■ The task ■
Output each entry verbatim. Leave the images out.

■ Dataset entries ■
========================
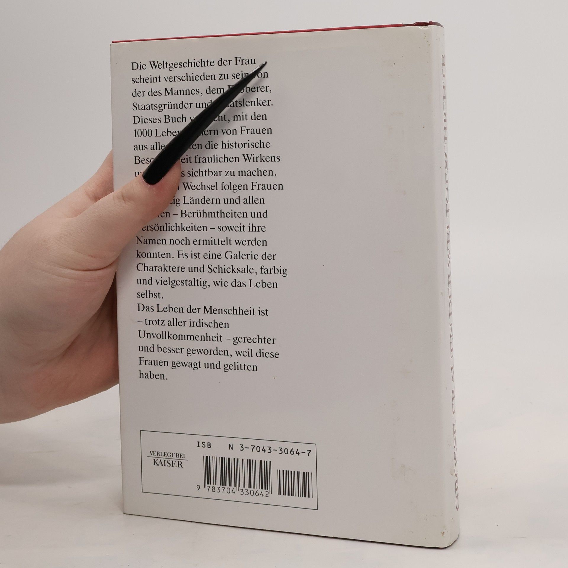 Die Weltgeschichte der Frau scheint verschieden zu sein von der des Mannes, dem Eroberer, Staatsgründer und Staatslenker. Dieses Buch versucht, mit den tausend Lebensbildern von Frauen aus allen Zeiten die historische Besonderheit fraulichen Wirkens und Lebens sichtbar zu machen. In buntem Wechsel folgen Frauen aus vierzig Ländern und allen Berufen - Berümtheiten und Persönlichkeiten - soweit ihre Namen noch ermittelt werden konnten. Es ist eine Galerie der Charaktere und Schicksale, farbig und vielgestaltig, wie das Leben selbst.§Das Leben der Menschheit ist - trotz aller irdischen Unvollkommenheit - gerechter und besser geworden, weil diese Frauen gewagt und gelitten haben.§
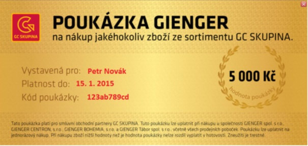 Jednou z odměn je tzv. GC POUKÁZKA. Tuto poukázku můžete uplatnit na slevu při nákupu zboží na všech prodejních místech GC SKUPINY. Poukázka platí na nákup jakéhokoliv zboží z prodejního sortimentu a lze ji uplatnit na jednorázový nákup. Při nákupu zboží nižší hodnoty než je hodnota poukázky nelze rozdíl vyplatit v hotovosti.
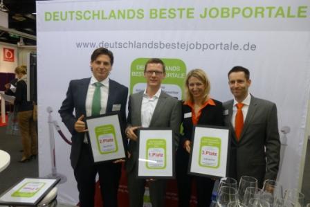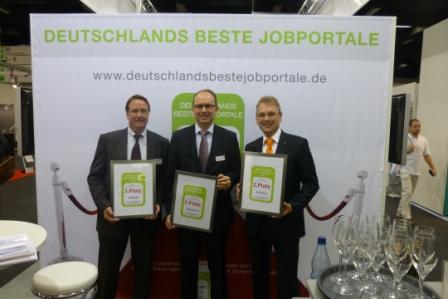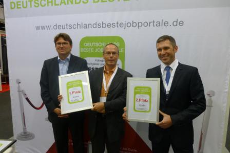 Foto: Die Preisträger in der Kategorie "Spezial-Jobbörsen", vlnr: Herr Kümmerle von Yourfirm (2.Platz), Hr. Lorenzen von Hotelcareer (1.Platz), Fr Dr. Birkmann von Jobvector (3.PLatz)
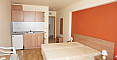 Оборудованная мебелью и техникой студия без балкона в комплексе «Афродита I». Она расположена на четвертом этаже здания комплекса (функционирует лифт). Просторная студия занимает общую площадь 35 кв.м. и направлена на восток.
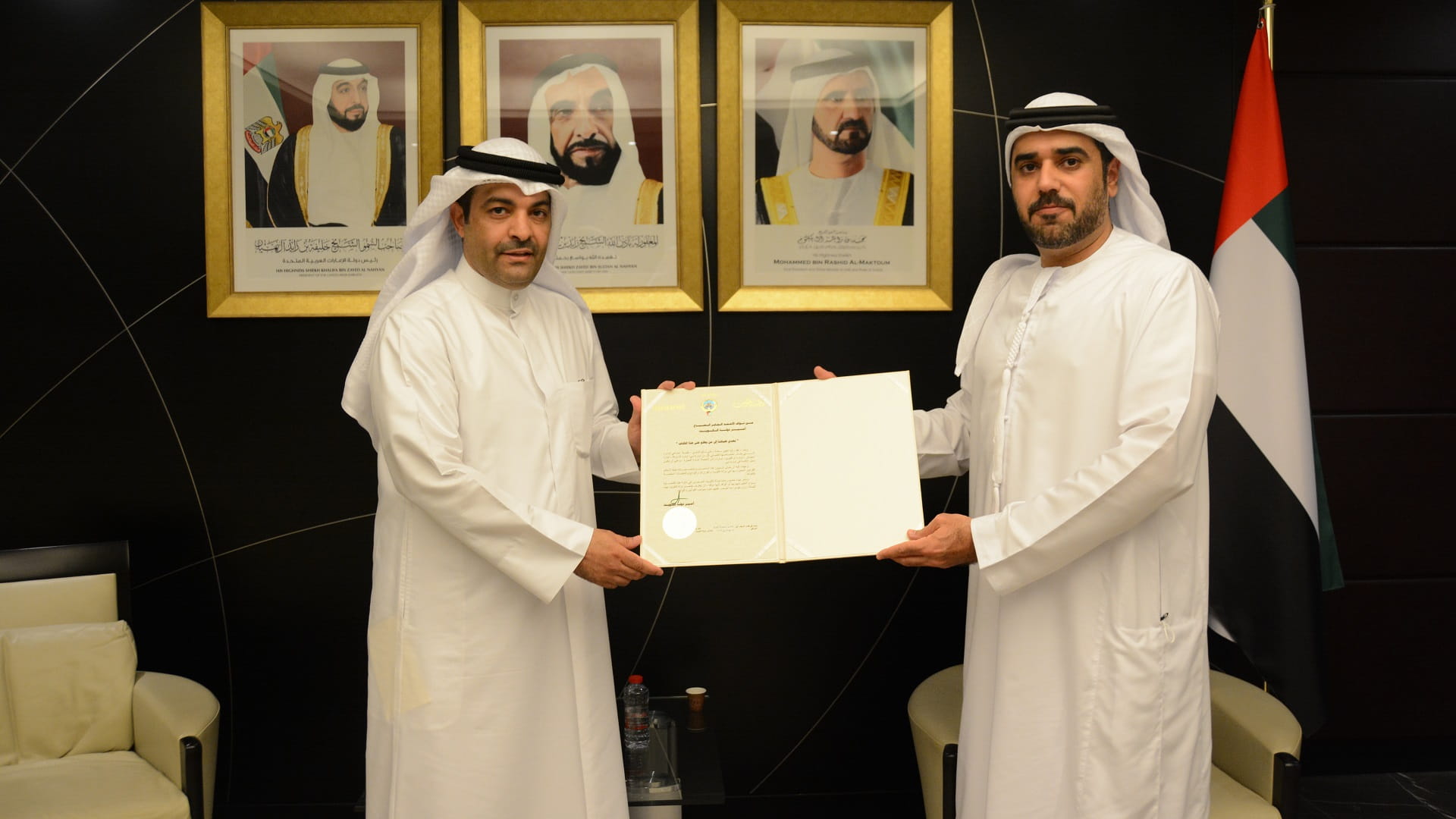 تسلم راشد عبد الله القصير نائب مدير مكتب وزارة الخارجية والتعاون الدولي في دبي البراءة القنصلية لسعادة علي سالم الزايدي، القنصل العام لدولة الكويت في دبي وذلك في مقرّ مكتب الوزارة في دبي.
========================
■ Solution to this exercise ■
 Die Weltgeschichte der Frau scheint verschieden zu sein von der des Mannes, dem Eroberer, Staatsgründer und Staatslenker. Dieses Buch versucht, mit den tausend Lebensbildern von Frauen aus allen Zeiten die historische Besonderheit fraulichen Wirkens und Lebens sichtbar zu machen. In buntem Wechsel folgen Frauen aus vierzig Ländern und allen Berufen - Berümtheiten und Persönlichkeiten - soweit ihre Namen noch ermittelt werden konnten. Es ist eine Galerie der Charaktere und Schicksale, farbig und vielgestaltig, wie das Leben selbst.§Das Leben der Menschheit ist - trotz aller irdischen Unvollkommenheit - gerechter und besser geworden, weil diese Frauen gewagt und gelitten haben.§
 Jednou z odměn je tzv. GC POUKÁZKA. Tuto poukázku můžete uplatnit na slevu při nákupu zboží na všech prodejních místech GC SKUPINY. Poukázka platí na nákup jakéhokoliv zboží z prodejního sortimentu a lze ji uplatnit na jednorázový nákup. Při nákupu zboží nižší hodnoty než je hodnota poukázky nelze rozdíl vyplatit v hotovosti.
 Foto: Die Preisträger in der Kategorie "Spezial-Jobbörsen", vlnr: Herr Kümmerle von Yourfirm (2.Platz), Hr. Lorenzen von Hotelcareer (1.Platz), Fr Dr. Birkmann von Jobvector (3.PLatz)
 Оборудованная мебелью и техникой студия без балкона в комплексе «Афродита I». Она расположена на четвертом этаже здания комплекса (функционирует лифт). Просторная студия занимает общую площадь 35 кв.м. и направлена на восток.
 تسلم راشد عبد الله القصير نائب مدير مكتب وزارة الخارجية والتعاون الدولي في دبي البراءة القنصلية لسعادة علي سالم الزايدي، القنصل العام لدولة الكويت في دبي وذلك في مقرّ مكتب الوزارة في دبي.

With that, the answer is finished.